On December 1, 2013, I was finally able to select a Blue Cross Blue Shield plan in Illinois through healthcare.gov. It was such a relief to finally be able to get medical care without sky-high out-of-pocket expenses.

But BCBSIL messed up my application processing. First, they cancelled my medical insurance when my dental application came in and had to reinstate the coverage (thankfully, still effective January 1). Second, they invoiced incorrectly, showing I only paid through January, so providers were blocked from the preapproval system. I couldn't even get my prescriptions covered despite having fully paid my premiums.

After >20 hours (of my time) on the phone and nearly a month since BCBSIL first fully identified the problems, my providers still can't submit pre-approval requests, and I still have to pay out-of-pocket for prescriptions. I filed a complaint with the state insurance board but don't know how much that will accomplish or how long a resolution will take.

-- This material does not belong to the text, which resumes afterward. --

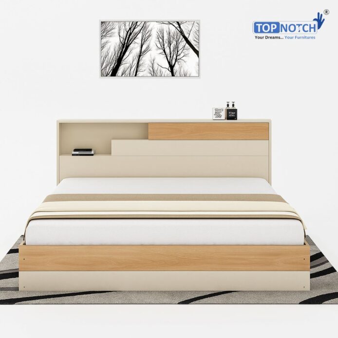 Double Bed with Box Storage & Headrest Cabinet – Dual Color | Engineered Wood | Knock Down | Topnotch

Re: Sleeve - BCBS in IL (and other states) does not require a supervised diet, so I expected fast approval for the sleeve. Originally I had hoped for February surgery. Then I hoped for March. Now it's looking like late April, which leaves me in a difficult position. This spring was a convenient time for surgery. I'm just writing my masters thesis and looking for work. If surgery comes too late, though, it could necessitate delaying regular work. It's beyond irritating.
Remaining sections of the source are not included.